What they don't tell you is why.

Before I started, I thought it was the technical difficulty. You are, after all, expected to produce results of a certain quality. For some courses you might publish papers which will make up chapters in your thesis, and that requires passing peer review from people who have been in the business longer than you have. There is also the time-limit, for scholarships are only offered for a certain period of time and continuing a PhD without funding is a difficult task.

However, this isn't really why a PhD is difficult to achieve. Skills can be learned with relative ease. After you figure out how to produce high-quality results, it's little trouble to continue doing so. And not everyone has to publish papers - it is possible to write a thesis based entirely on negative results and earn a pass.

The real difficulty comes from within. From you.

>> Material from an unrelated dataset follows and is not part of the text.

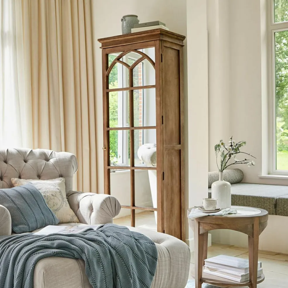 L’armoire se distingue par sa combinaison originale de bois naturel et d’une finition intérieure gris vieilli à l’origine d’un fascinant contraste de couleur. L’armoire de toilette au motif décoratif de fenêtre à croisillons n’est pas seulement très esthétique , elle apporte également un effet d’ouverture lumineux dans chaque pièce. À l’intérieur de l’armoire se trouvent des tablettes pratiques offrant beaucoup de place pour tout un tas d’accessoires. Le panneau arrière à l’effet planches confère à l’espace intérieur de l’armoire du style et du caractère. Dans le salon, la chambre à coucher ou le couloir : cette armoire à miroir est un meuble fonctionnel et décoratif qui trouvera sa place dans chaque pièce.

Why doesn't anyone warn you about the mental anguish? It is always made obvious that you yourself are responsible for your project, but it is not obvious that it translates to every mistake being on your own head. Your supervisors check in from time to time, but most of the time you are under your own power. The responsibility for completing a sufficient amount of work - the precise amount which constitutes "sufficient" is never made clear - is up to you, as is the method to achieving it. I can't define how stressful this is. It is not possible for someone who hasn't been there to understand.

I personally have become more emotional, more fragile since taking up this project. Minor details catch my eye, so paranoid am I. Failures feel like big losses, victories ignored because from experience, they are merely the prelude to even bigger disappointments. Sleep and food become expendable luxuries. Every bit of progress comes at the end of a huge fight. It feels as if I have to keep running to stay in the same place, trapped, unable to escape and unable to stop. I want to quit, so badly, except there's nowhere else to go.

And apparently, feeling this way is normal for a PhD student.

A doctorate is awarded to people who are apparently resistant to mental torture.